Pension funds and asset managers hedging foreign currency exposure now have access to an alternative FX benchmark offering them substantial savings on currency trades, according to the company which has developed it.

Many institutional investors use the existing so-called “London 4pm fix” – managed by Refinitiv – as the rate at which they agree with their bank to exchange currencies to settle their accounts at the end of every day.

The 4pm fix produces a set of exchange rates calculated as the average at which FX trades take place on the London FX exchanges (primarily Reuters) in a five-minute window centred on 4pm UK time every weekday.

However, the way in which the benchmark operates has faced mounting criticism in recent years after collusion between traders from different banks, resulted in overcharging of institutional clients.

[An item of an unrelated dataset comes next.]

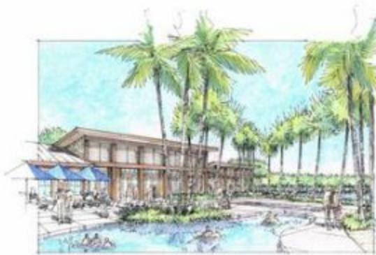
Artist rendering of the Clubhouse and pool at the new Guy Harvey Outpost Club & Resort Tarpon Springs.

The company's eco-friendly outposts typically feature amenities and programs tied to the beach, boating, fishing and diving. Its properties can be found in Islamorada, St. Pete Beach and St. Augustine, as well as in the Bahamas, Cayman Islands, Mexico and Galapagos Islands off Ecuador.
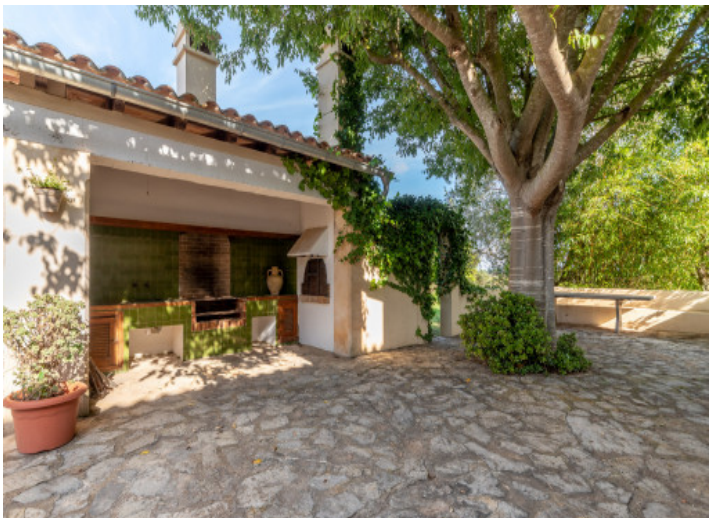
Covered bbq terrace

Banks have collectively been fined over $11bn (€9bn) for this manipulation. Meanwhile, regulators are also becoming increasingly concerned about market impact and possible manipulation around the fix; heavy trading just before the window – in order to execute orders – has led to spikes in prices.

The independent quantitative FX surveillance firm Raidne believes its Siren FX benchmark will bring significant improvement to the buyside through a fairer and more transparent benchmark construction.

It snaps the mid-rate in 70 currency pairs, each second, within its price construction, and uses an optimal execution algorithm over a 20-minute window.

“The savings that investors achieve arise from the reduction in market impact, while overall profits by the banks and arbitrageurs are reduced,” said Jamie Walton, co-founder of Raidne. Walton was previously head of the currencies and rates quantitative trading team at Morgan Stanley.

Global FX Code (good practice principles for FX market participants) Principle 9 states that asset managers should “regularly evaluate the execution they receive”.

Walton said: “Siren provides savings of on average over $500 per million dollars in value of trades, which is well above the ‘review threshold’. Siren savings have best execution implications too”.

Raidne provides the Siren savings spreadsheet that allows for any fund to be evaluated, based on historical data, showing the amount potentially saved had the managers switched benchmarks.

Institutional investors do not pay for Siren; Raidne licenses the benchmark to user banks for $1 per million-worth of trades.

Siren is authorised and regulated under the Financial Conduct Authority (FCA) benchmarking regime through the benchmark administrator and data and analytics business New Change FX.

The first trade using Siren was made in January 2021 by a large European asset manager. Seven of the Euromoney Top 10 banks have said they will offer Siren based on customer request, with access gained through existing relationships.